Feel free to test any machine learning, deep learning or whatever algorithm you think it could fit, or add them to your ImageNet pipeline to try to improve your performance, we only ask for acknowledging the source and please let us know of your performance to post it here! 

We choose not to differentiate the signals into training/test  sets at this point so pick the distribution you prefer.

Periodically the Data Base will be increased with more EEG signals , last update 03/12/2018, please feel free to forward any thoughts you may have for improving the dataset.
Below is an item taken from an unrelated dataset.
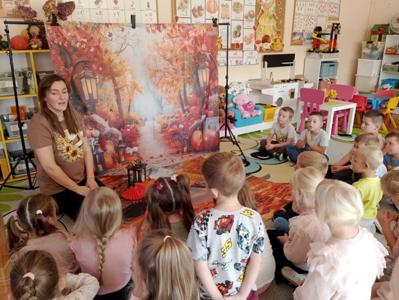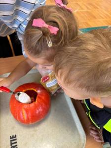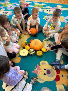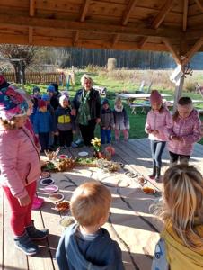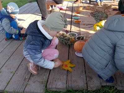 - Warsztaty plastyczne, podczas których dzieci ozdabiały jesienne pojemniczki w kształcie żołędzia lub dyni a następnie wypełniały je ,,skarbami jesiennymi".

The data is stored in a very simple text format including 1 CSV file for each EEG data recorded related to a single image 3,942 so far, the goal is to reach 100,000 Images through 2018.

The  naming convention is as follows,  for example lets use the file "MindBigData_Imagenet_Insight_n09835506_15262_1_20.csv"

MindBigData_Imagenet_Insight_ : ralates to the EEG headset used Insight atm only

n09835506 : ralates to category of the image from the synsent of ILSVRC2013 in this example n09835506 is "ballplayer, baseball player", I added a "WordReport-v0.04.txt" file too in the zip file with 3 files per row TAB separated with: the category names, the eeg image recorded count and the synsent ID

15262 : ralates to the exact image from the above category , all the images are from the ILSVRC2013_train dataset  you could download them from the Kaggle Website (imagenet_object_detection_train.tar.gz  56.68 GB)  , this image for example is n09835506_15262.JPEG from the ILSVRC2013_train\n09835506\ folder

_1_ : ralates to the number of EEG sessions recorded for this image, usually there will be only 1 but it is possible to have several brain recordings for the same image, second will be 2 and so on.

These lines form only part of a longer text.